The Embarrassing Truth for Business Owners about Difficult Conversations.

The Embarrassing Truth for Business Owners about Difficult Conversations.

I remember when I first embarked on this new career path several years ago, I would often avoid ‘high-risk’ situations because I felt like an imposter. It felt easier to circumnavigate the issue rather than squirm in my discomfort of sharing that I didn’t know the answer.

I was afraid of ‘doing things wrong’, asking stupid questions, looking incompetent or foolish in front of those more experienced.

And for quite a while that was debilitating. I stayed stuck, yet also frustrated. Avoidance felt comfortable and low risk.

But here’s the thing.

We don’t know what we don’t know! And that’s ok.

As a small business owner, there will be a plethora of difficult circumstances or conversations you might conveniently sidestep because you are unsure or anxious about how to navigate them.

There’s no shame not knowing what to say or do but sometimes there’s a great deal of embarrassment, fear of judgement or simply fear of the consequences if you get it wrong.

‘What will my team think if I don’t intervene in a bullying or toxic situation?’

‘If I mess up the conversation with my client, will my business partners lose trust and confidence in me and will we lose the client?’

‘I feel stupid. I can run a successful business but I avoid confrontation and struggle with direct conversations'.

All these narratives might be playing out over again, confirming your greatest fears and anxieties that you’re going to mess up or no-one will take you seriously.

But….There’s not a book that I can think of that states that although you are an accomplished and experienced business owner, you should be an expert and comfortable managing those difficult dialogues. Those soft skills are not a prerequisite to running a successful company.

So please … give yourself a break!

Navigating difficult conversations is an art but like anything new in life, it’s a skill that can be easily learnt. So here are 5 suggestions that will help you become more confident and competent as you embark on these uncomfortable conversations.

THE APPROACH

The way you launch into the conversation will invariably dictate the outcome. Approach it too bullishly and it would come as no surprise if you were faced with pushback or a defensive response. Or if your approach is too insipid, you might observe a lack of respect from your team or partners who take advantage as they view your behaviour as weak. Find a balance in your tone and delivery that will both engage and open up the dialogue rather than deflect and shut it down.

MINDSET

Your mindset plays an intrinsic role in the success or failure of the conversation and impacts how you show up. Check-in with yourself beforehand and notice your state. Are you nervous, angry, impatient, upset, confused or concerned? There are a number of tools you can embrace that will support to calm you if are raging or empower you for renewed confidence if you feel anxious or panicky.

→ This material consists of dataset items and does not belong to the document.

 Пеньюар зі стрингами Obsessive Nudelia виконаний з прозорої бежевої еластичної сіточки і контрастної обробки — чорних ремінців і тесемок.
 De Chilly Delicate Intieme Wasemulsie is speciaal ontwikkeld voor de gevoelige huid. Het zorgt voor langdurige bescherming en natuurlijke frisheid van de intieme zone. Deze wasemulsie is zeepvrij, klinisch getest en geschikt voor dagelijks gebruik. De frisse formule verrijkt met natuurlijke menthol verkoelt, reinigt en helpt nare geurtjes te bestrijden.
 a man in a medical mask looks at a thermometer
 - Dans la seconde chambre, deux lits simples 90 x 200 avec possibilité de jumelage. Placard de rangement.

Go for a walk or run to clear your head. Talk it out with a trusted colleague or friend. Meditate, listen to an inspiring podcast or your favourite music and if you find journaling a cathartic means to shift your mindset, get writing! Find anything that works for you and never begin the conversation until you are mentally ready and prepared for it.

OBJECTIVE

Often we launch in without a focus. Be clear about the purpose of the conversation which will be valuable if you become derailed or caught off guard. Perhaps you seek understanding or to be understood.?Maybe you would like an apology, a change in behaviour, improved performance, to be heard or respected.

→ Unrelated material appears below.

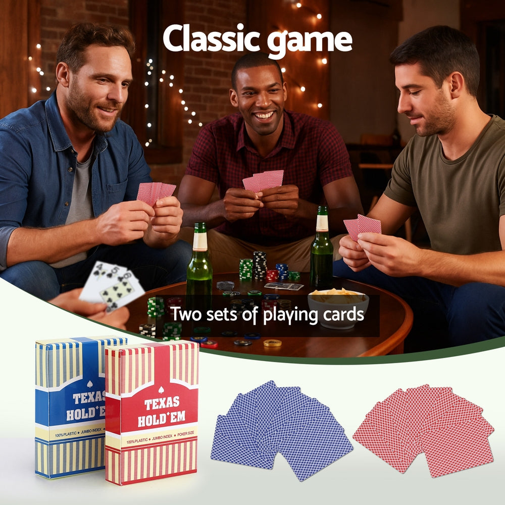 Get ready for serious card nights with this poker chip set. This 500-piece poker chip set features 14g heavyweight poker chips with a double injection iron core, offering that authentic casino feel. It comes neatly packed in a sturdy aluminium case, perfect for transport and storage. Included are Texas Holdem poker chips, a full set of dealer, small blind, and big blind buttons, five red dice, and two sets of playing cards. This professional poker chip set provides everything you need for a ripper game night.
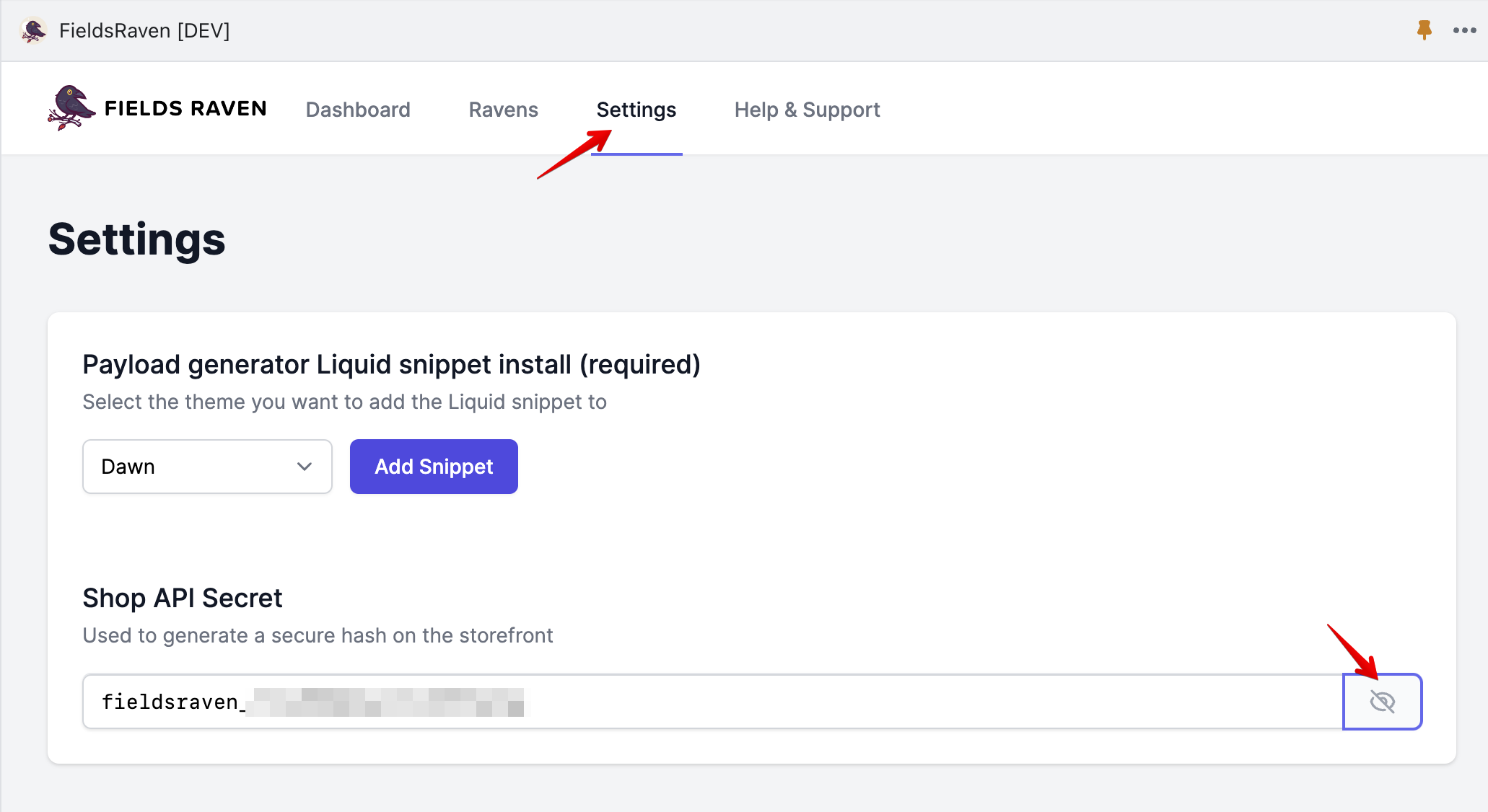To make sure your Shopify store has the secret key go to settings and click on the eye icon, if the secret key is missing please [reach out](mailto:karim@fieldsraven.app).

Consider what an ideal outcome looks like to you and whether this is in fact realistic and achievable and if so, keep that at the forefront of your mind during the conversation.

PREPARE

Two of the biggest fears that show up before any challenging conversation are: Being derailed by intimidating tactics or being unprepared and caught off guard by pushback. To overcome these fears, prepare notes in advance which will serve to both calm your nerves and keep you focused. Take some time to imagine an assortment of possible responses or objections you might be faced with and then consider the best counter-response and play that out until it feels natural.?Forewarned is forearmed! If you are therefore met with a confrontational or uncomfortable reaction, you won’t be blindsided but will feel in control and able to respond confidently.

SEEK SUPPORT

There may well be situations that you simply aren’t equipped to manage and the skill is recognizing that rather than burying your head in the sand. In these situations, seek support from a mentor, an experienced colleague or a trusted friend.?Their knowledge, wisdom, insights and guidance will inspire you to step into the conversation and confidently navigate it rather than avoiding it altogether.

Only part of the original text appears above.